Any non-standard primers submitted should be at a concentration of 10pm/µl (10µM) in water. We use 2µl of primer solution per reaction, but please give us an excess to allow for evaporation or any other potential loss.

We need the correct amount of DNA and most experienced sequencers will be able to make an accurate assessment of DNA quantity but some may have difficulty. One method is to use a Nanodrop. This can give consistent accurate results and automatically provides abs. 260/280 ratio (which for best results should be around 1.8).

N.B. DNA for sequencing should always be supplied in water only and not TE or Tris buffer. Also please submit samples in tubes no smaller than 0.5ml to avoid handling problems.

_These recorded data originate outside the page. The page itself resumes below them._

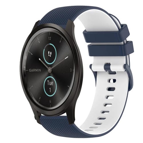 Correa de Silicona para Garmin Vivomove Style 20mm Dos Colores a Cuadros (Azul Oscuro + Blanco)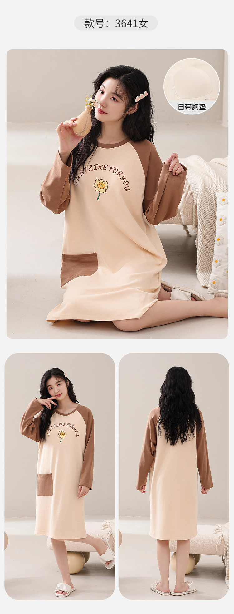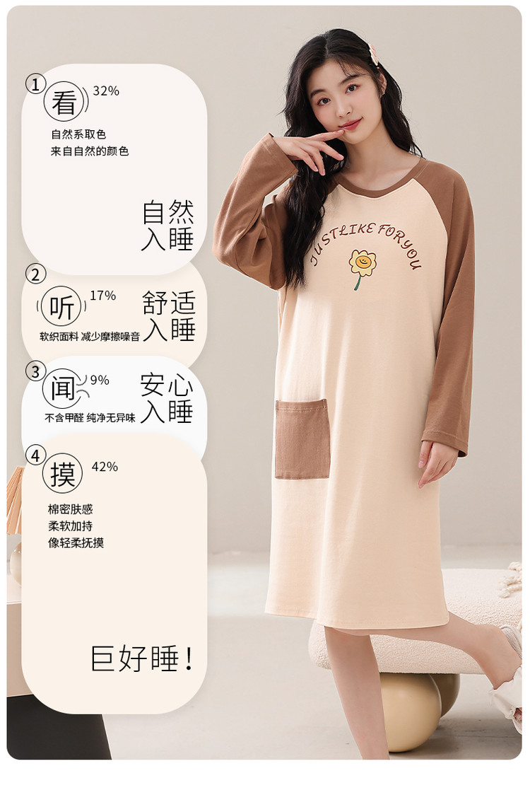康妮雅女式长袖睡裙
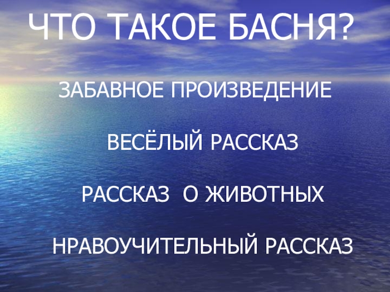 ЧТО ТАКОЕ БАСНЯ?  ЗАБАВНОЕ ПРОИЗВЕДЕНИЕ  ВЕСЁЛЫЙ РАССКАЗ  РАССКАЗ О ЖИВОТНЫХ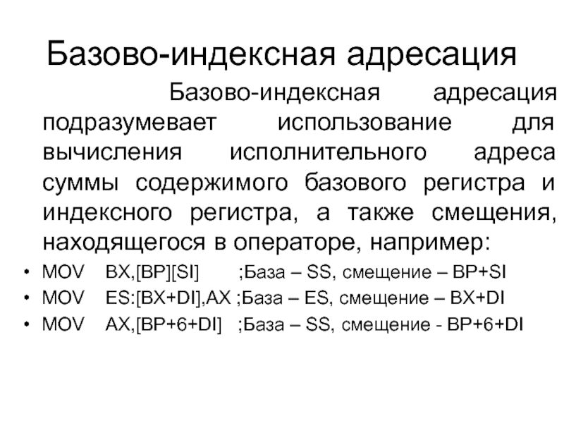Любой из названных выше 4 регистров может использоваться для хранения адреса памяти, а команды, работающие с данными из памяти, могут обращаться за ними к этим регистрам. При адресации памяти базовые и индексные регистры могут быть использованы в различных комбинациях. Разнообразные способы сочетания в командах этих регистров и других величин называются способами или режимами адресации.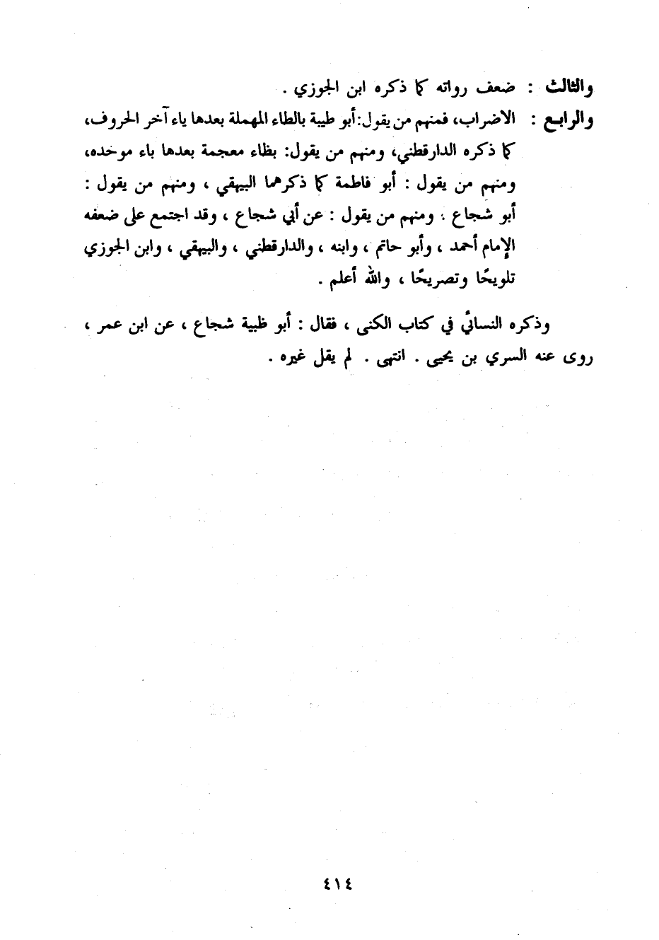 وَالرَّابِع الإضراب فَمنهمْ من يَقُول أَبُو طيبَة بِالطَّاءِ الْمُهْملَة بعْدهَا يَاء آخر الْحُرُوف كَمَا ذكره الدَّارَقُطْنِيّ وَمِنْهُم من يَقُول بِظَاء مُعْجَمه بعْدهَا بَاء موحده وَمِنْهُم من يَقُول أَبُو فَاطِمَة كَمَا ذكرهمَا الْبَيْهَقِيّ وَمِنْهُم من يَقُول أَبُو شُجَاع وَمِنْهُم من يَقُول عَن أبي شُجَاع وَقد اجْتمع عَلَى ضعفه الإِمَام أَحْمد وَأَبُو حَاتِم وَابْنه وَالدَّارَقُطْنِيّ وَالْبَيْهَقِيّ وَابْن الْجَوْزِيّ تَلْوِيحًا وَتَصْرِيحًا وَالله أعلم

Samples and completed DNA sequencing request forms can be dropped off in the basket provided in the Biochemistry reception (Sanger Building) or posted to the facility at the following address:

DNA Sequencing Facility
Department of Biochemistry
University of Cambridge
80 Tennis Court Road
Old Addenbrookes Site

Sequencing requests from anywhere other than Biochemistry must be accompanied by a printed purchase order.

Results are sent via email so please ensure that the mailbox size is sufficient.